__Task instructions__: In the records below, repeat exactly the lines between the line holding "96 WELL EQUILIBRIUM" and the line holding "Canada Day 197?", inclusive, and drop the pictures.

====== Supplied data ======

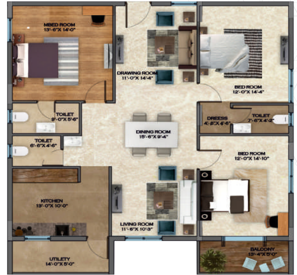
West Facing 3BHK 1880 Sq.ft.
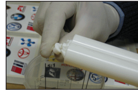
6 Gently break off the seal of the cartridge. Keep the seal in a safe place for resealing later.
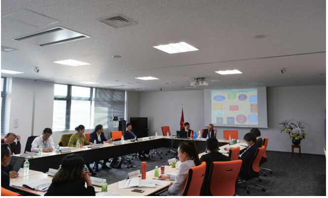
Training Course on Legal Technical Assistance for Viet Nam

======
====== Supplied data ======

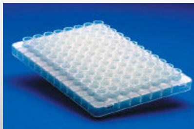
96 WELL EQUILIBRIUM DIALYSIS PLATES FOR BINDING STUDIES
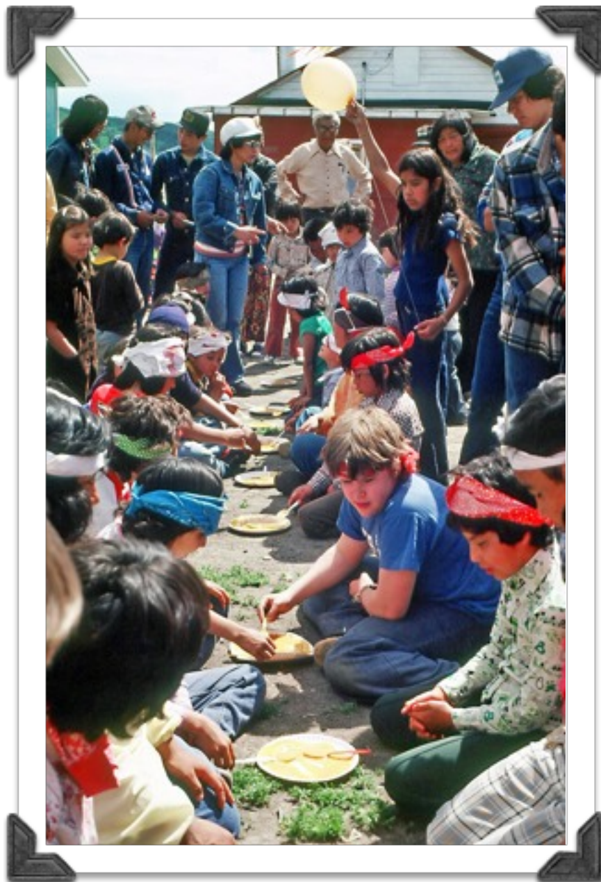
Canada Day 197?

======

__Response area__:
96 WELL EQUILIBRIUM DIALYSIS PLATES FOR BINDING STUDIES
Canada Day 197?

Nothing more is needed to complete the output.